From DNA analysis on preserved goat parts the researchers saw that there were two distinct groups of goats present in the region with one being related to modern domestic goats and the other to wild goats. This indicates that goats were not simply kept but domesticated even further as the wild-type goats were likely hunted.

According to Daly, “this is the earliest genetic evidence of goat domestication”.

“It’s looking more and more like the domestication of goats was probably primarily in or near the Zagros region.”

Further evidence inferred from the study by Daly suggests that sheep and goats preceded other animals such as cattle and pigs due to the fact that they are smaller and easier to keep under control.

The researchers also found that a certain set of genes in the remains which can only be inherited along the female line is present in modern domestic goats, indicating that they are direct descendents of the goats from 10,000 years ago.

In an article in Science Magazine Dr David MacHugh an animal geneticist at University College Dublin who was not part of the research said that this study appears to have found the “ground zero for goat domestication, or close to it”.

Goats were central to the progression of human society so being able to discern when and where they were first domesticated is to find out “one of the most pivotal moments in prehistory”, according to MacHugh.

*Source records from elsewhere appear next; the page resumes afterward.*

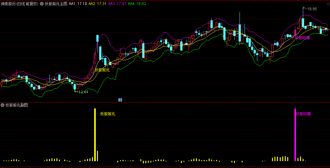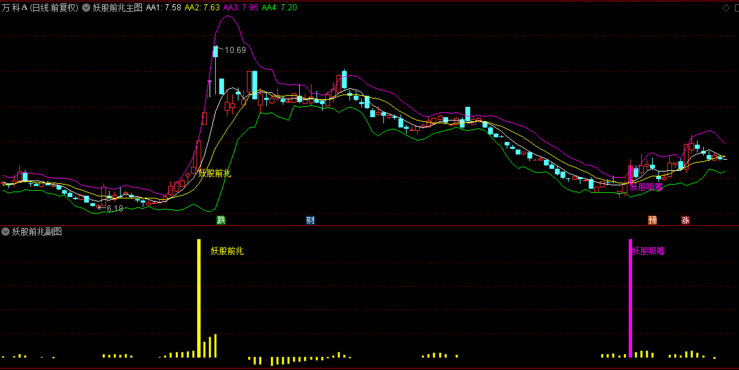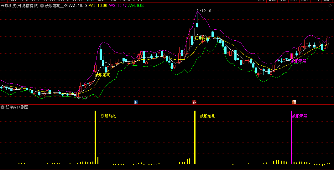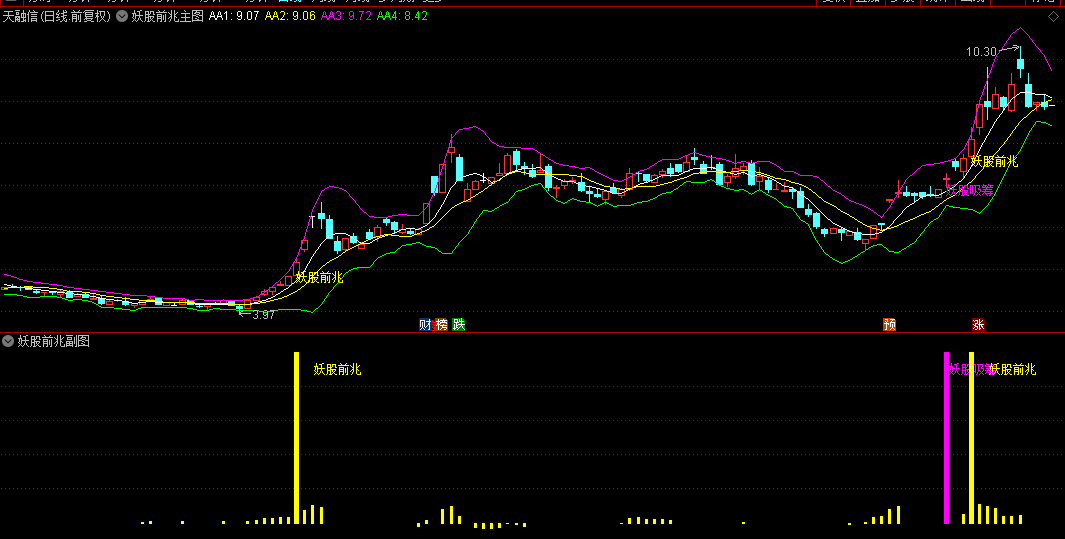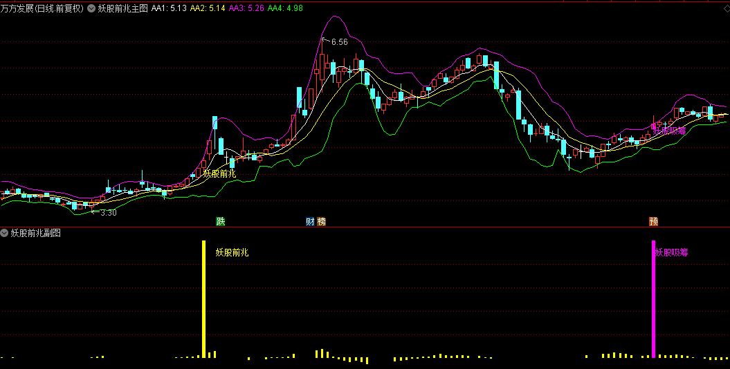 主图和副图出现妖股前兆共振信号则为妖股启动的信号,打板买入确定性最大。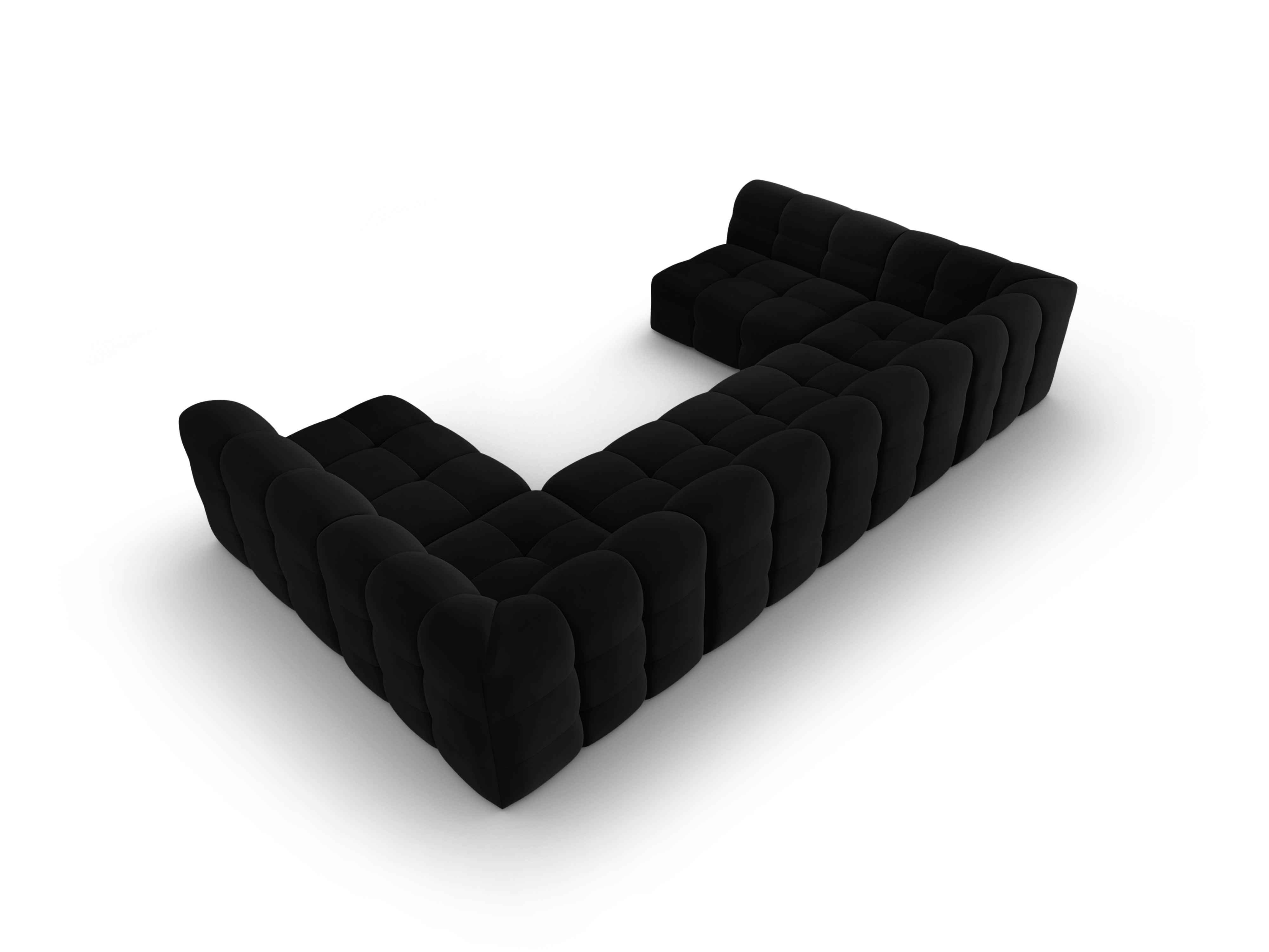 Sametový rohový gauč v tvare U Kendal očarí svojimi jedinečnými prešívaniami a prekladaním, ktoré dodajú interiéru výnimočnú eleganciu v štýle moderný klasický. Bublinkové sedadlo v kombinácii so štýlovým operadlom vytvára pohodlné miesto na relaxáciu po náročnom dni.Kendal prekvapuje trochu avantgardnou formou a priťahuje pozornosť, bez ohľadu na to, z ktorej strany sa na ňu pozrieme.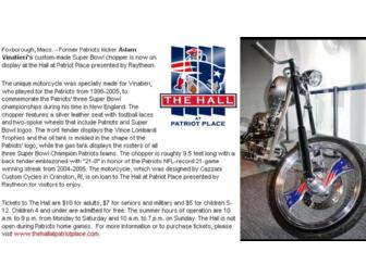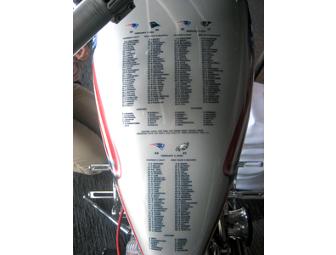 The unique motorcycle was specially made for Vinatieri, who played for the Patriots from 1996-2005, to commemorate the Patriots’ three Super Bowl championships during his time in New England. The chopper features a silver leather seat with football laces and two-spoke wheels that include Patriots and Super Bowl logos. The front fender displays the Vince Lombardi Trophies and the oil tank is molded in the shape of the Patriots’ logo, while the gas tank displays the rosters of all three Super Bowl Champion Patriots teams. The chopper is roughly 9.5 feet long with a back fender emblazoned with “21-0” in honor of the Patriots NFL-record 21-game winning streak from 2004-2005. The motorcycle, which was designed by Cazzani Custom Cycles in Cranston, RI, is on loan to The Hall at Patriot Place for visitors to enjoy.

In a comment to Science Magazine professor of population genetics at Trinity, Dan Bradley said: “Ancient DNA continues to allow us to plumb the depths of ancient prehistory and examine the origins of the world’s first livestock herds. Over 10,000 years ago, early animal farmers were practising husbandry with a genetic legacy that continues today.”

The research article is available to read through the Proceedings of the National Academy of Sciences of the United States of America.